В 1930 году они отправляются в «Шантареллу», гигантский отель, заполненный берлинцами, спекулянтами и коммерсантами всех национальностей. «Это нам нравится, — признается он Ад ели, — эта среда хороша тем, что никто меня не знает и никто не навязывает своего присутствия, поскольку здесь играют роль только деньги и общественное положение». На следующий год он едет в долину Энгадин с друзьями: Томасом Манном и Самюэлем Фишером.
Когда в записях и письмах этого периода Гессе говорит «мы…», речь идет не о нем и его подруге. Он создает нового героя — Гольдмунда, чувственного юношу-блондина. «Мы вдвоем, Гольдмунд и я, уточняет он, — две стороны одного существа. Гольдмунд составляет одно целое со своим другом Нарциссом… Параллельно я, художник Гессе, испытываю необходимость быть дополненным Гессе, который почитает ум, мысль, дисциплину и даже мораль, который был воспитан в традициях пиетизма и который бесконечно должен поверять моралью невинность своего поведения и даже своего искусства».
В новой книге звучат два внутренних мира Гессе: достойный сын Иоганнеса под маской молодого аббата-эрудита, которому он дал имя Нарцисса, и ребенок Марии — Гольдмунд, художник, призванный открыть единство поступи женщины и смерти. «Нарцисс — еще в меньшей мере чистый интеллектуализм, чем Гольдмунд — чистый сенсуализм. Если было бы иначе, один не нуждался бы в другом, они не дополняли бы друг друга как взаимозависимые сущности, сияющие по краям одного центра. Нарцисс может произнести грубое слово святого и распутника и в конце с любовью оправдать всю жизнь Гольдмунда…»

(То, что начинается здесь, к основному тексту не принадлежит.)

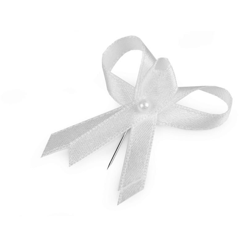 Svatební mašlička slouží ke svatebním účelům. Využijete je k ozdobení klopy ženicha a svatebčanů. Skládá se ze dvou saténových stuh o šíři 6 mm, perličky a špendlíku. Mašličku můžete použít také k aranžování různých svatebních dekorací.

Какое же место занимает сейчас в его жизни Нинон? Насколько ей пришлось отойти в тень? Как она реагирует на происходящее, когда не спускает с него глаз и требует, уже одержимая собственническими устремлениями, такой же преданности от него? «Чувственное удовольствие от близости с женщиной, — пишет Герман, — не является для Гольдмунда способом достичь духовного обладания или отношений, которые могут возвести мужчину и женщину в ранг личностей, исполненных значимости. Гольдмунд обретает высшее проявление любви в искусстве». Гессе нуждается в счастливом одиночестве художника. Никогда он не сможет целиком посвятить себя женщине: Нинон должна знать об этом. Он пишет ей в мае 1931 года: «Пожалуйста, не отчаивайся. То, что я тебе вчера не смог ясно ответить, мне не менее больно, чем тебе…» Начинается обычная суета, сопутствующая всем супружествам: выбор дома, изменение жизни, новые обязанности. «Я могу терпеливо переносить подобные состояния лишь с трудом, обращаясь к своим душевным резервам, без спешки, медленно, так, как рождается мое произведение. Мне необходимо внутреннее пространство, где я был бы совершенно один, куда никто и ничто не имели бы права войти. Твои вопросы угрожают этому пространству!» — предупреждает Герман.